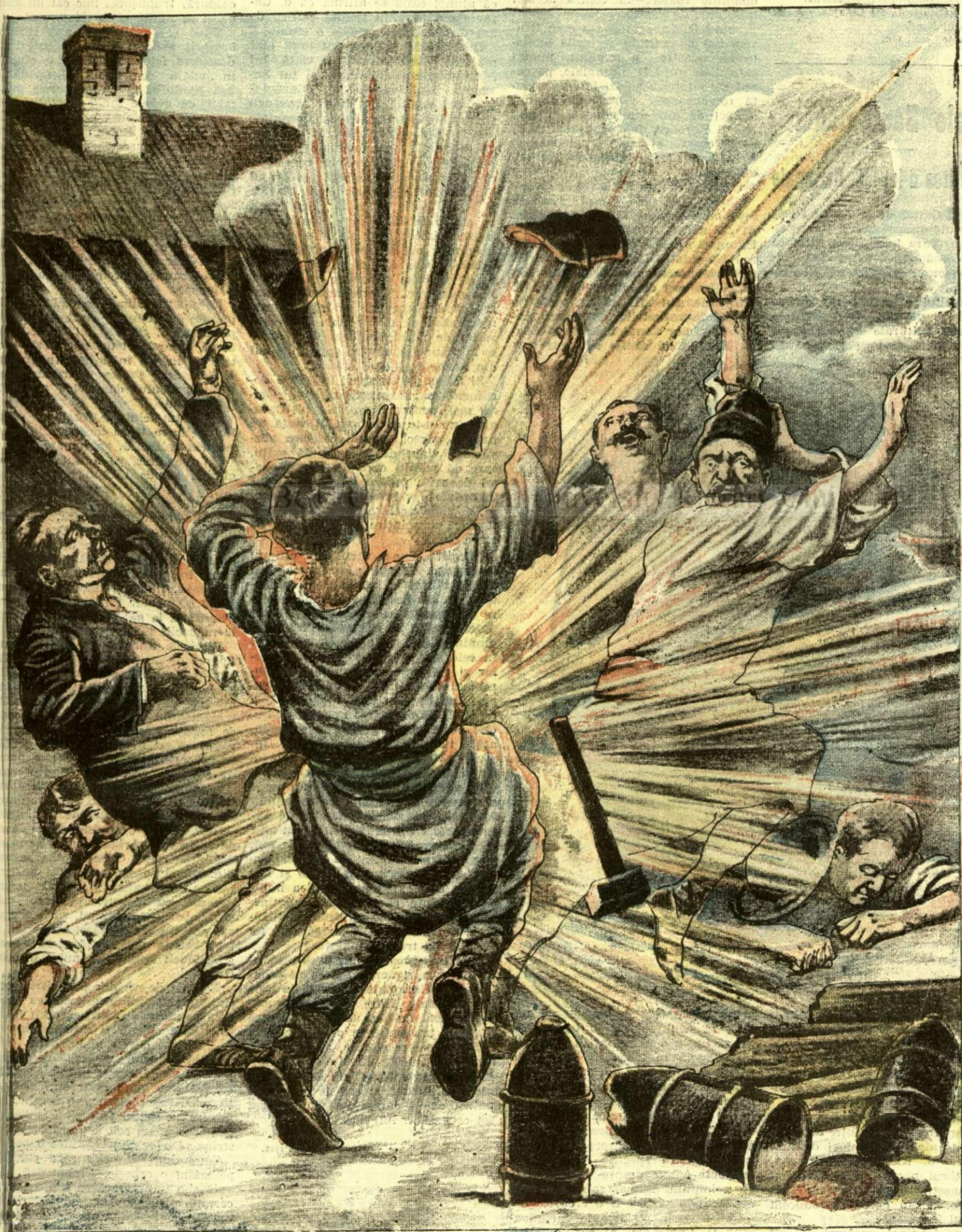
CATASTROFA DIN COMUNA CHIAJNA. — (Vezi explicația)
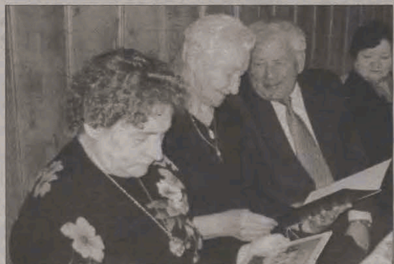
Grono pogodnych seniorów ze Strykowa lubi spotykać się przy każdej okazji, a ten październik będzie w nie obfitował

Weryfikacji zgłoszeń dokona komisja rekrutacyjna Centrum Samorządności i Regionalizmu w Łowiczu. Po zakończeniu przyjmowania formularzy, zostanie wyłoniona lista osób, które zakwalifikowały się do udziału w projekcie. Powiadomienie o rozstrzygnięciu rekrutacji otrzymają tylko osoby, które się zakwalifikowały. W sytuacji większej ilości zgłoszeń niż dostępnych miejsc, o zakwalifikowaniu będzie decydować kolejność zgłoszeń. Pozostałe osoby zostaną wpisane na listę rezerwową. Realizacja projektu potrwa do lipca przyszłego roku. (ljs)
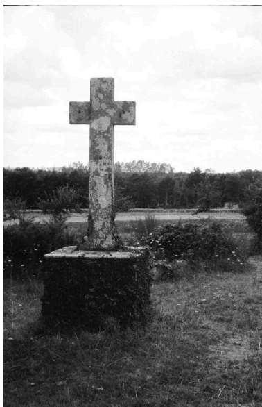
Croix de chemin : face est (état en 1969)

# Task brief
Ending at the line with "Grono pogodnych seniorów", reproduce exactly the lines that begin at the top of the data, and include no pictures.

# The completed task
CATASTROFA DIN COMUNA CHIAJNA. — (Vezi explicația)
Grono pogodnych seniorów ze Strykowa lubi spotykać się przy każdej okazji, a ten październik będzie w nie obfitował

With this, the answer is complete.